Expert: Josh - 3/17/2008

Question
A curveball is pitched with a speed of 64ft/sec.  If the ball is thrown straight upward from a height of 4 feet, find the vertex of the graph of the ball's height and interpret its meaning.

Answer
Hi Justin,

This question is about projectile motion. You can look up this topic on the web, there is a great deal of information out there.

For now, let us work this out from first principle.

The equation we are interested in is x(t)=x(0)+v(0)*t+0.5*a*t^2  ....[1]

Here, x(t) is vertical position of the ball at time t;
x(0) is the initial position;
v(0) is the initial velocity (assuming the ball is thrown vertically upward, this would be the same as its initial speed);
a = 9.8 m^2/s is the gravitational acceleration
(note: we cannot mix SI units with imperial units. So, let's convert the speed from ft/sec to m/sec, or vice versa, if you are from Great Britain.)

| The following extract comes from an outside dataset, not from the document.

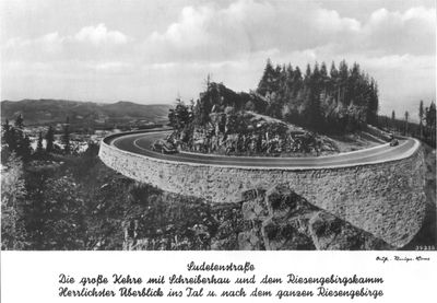The curve combines transportation functionality with a viewing point, offering perspectives of the Giant Mountains while testing drivers' abilities.
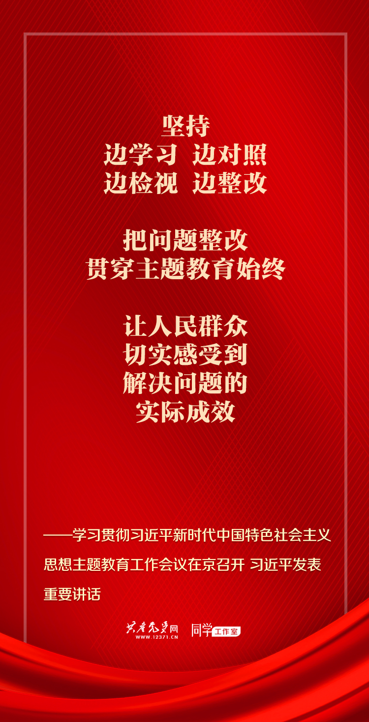 ●坚持边学习、边对照、边检视、边整改,把问题整改贯穿主题教育始终,让人民群众切实感受到解决问题的实际成效。

Conversion: 1 [inch] = 2.54 [centimeter]
1 [feet] = 12 inches = 12 x 0.0254 = 0.3046 [meter]
Thus, v(0) is approximately 19.5072 [m/sec].

Taking the first derivative of the distance equation in [1], we obtain the velocity equation: dx/dt = v(t) = v(0)+a*t ....[2]
(I'm not sure if you have learned this in maths or physics...but it's a good thing if you know about differentiation. Otherwise you need to commit this to memory)

At the highest position, the ball must reach an instantaneous speed of zero, since it changes direction, i.e., transitions from an upward to downward trajectory. Since we are looking at the motion path from the side, in one dimension velocity (along the vertical axis) and speed are basically the same thing.

To find the time when the ball reaches the highest position, we set the velocity dx(t)/dt = v(t) = 0 and solve for t. The ball must momentarily come to rest before it turns around and fall back down to earth.

i.e., solving for 0 = v(0) + a*t, we get t=v(0)/a, where initial velocity v(0)=19.5072 [m/sec] and gravitational acceleration "a"=9.8 [m/sec^2]. Thus, the time taken to rise to the highest point is t = 2 sec.

Recall the initial height is x(0) = 4 x 0.3046 = 1.2192 [meter].
Substituting t=2 into equation [1] gives you the maximum height.
i.e., you evaluate x(t)=x(0)+v(0)*t+0.5*a*t^2 at t=2.

Now, knowing the time when the peak is reached "t_max", and the maximum height "x_max", you have the vertex (t_max,x_max), where x_max measures the distance along the vertical axis.